Shared ground
The passage presents a public, witnessed negotiation at the city gate. Ephron speaks so that the Hittites and other city members can hear, and Abraham responds the same way. The repeated emphasis on “in the hearing of” and “in the presence of” highlights that this is meant to be recognized by the wider community, not handled privately.
Ephron verbally offers “the field” and “the cave” to Abraham as something he “gives,” and he does so explicitly before his people. Abraham answers with visible respect (bowing) and then states plainly that he intends to pay the price for the field so he can bury his dead there.
Where interpretation differs (only where needed)
A real question is whether Ephron’s “I give” is a straightforward gift or a customary way of speaking that still expects a later payment.
Some readers take Ephron’s words at face value: he is freely offering land to honor Abraham and speed up the burial.
Others think the public “gift” language functions as polite negotiation: Ephron is presenting himself as generous while still leaving room for a purchase price to be named and accepted.
Why the disagreement exists
The text itself reports Ephron’s public offer, but it does not directly explain Ephron’s intent. The scene also contains formal social cues (city gate setting, witnesses, honor language), which can be read either as genuine generosity or as standard bargaining etiquette.
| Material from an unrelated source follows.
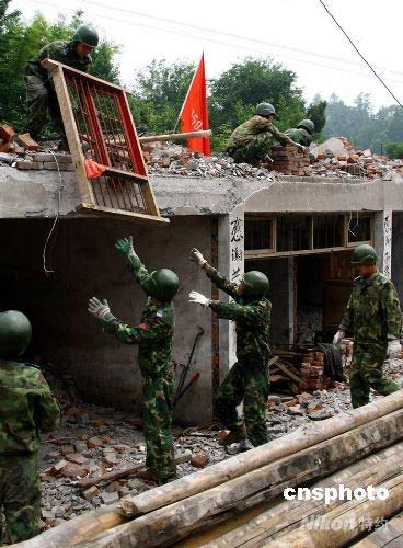 图:中国空降兵四川震区帮民众重建家园(2)

What this passage clearly contributes
Explicitly, the text shows Abraham seeking a secure, publicly recognized arrangement for burial property, and it shows the community setting as central to that security. It also shows Abraham preferring a paid transfer over a gift, suggesting he wants clear ownership with no lingering obligation or disputed claim. The emphasis on “field + cave” indicates the transaction is about full control of the burial site and its access, not merely permission to use a cave.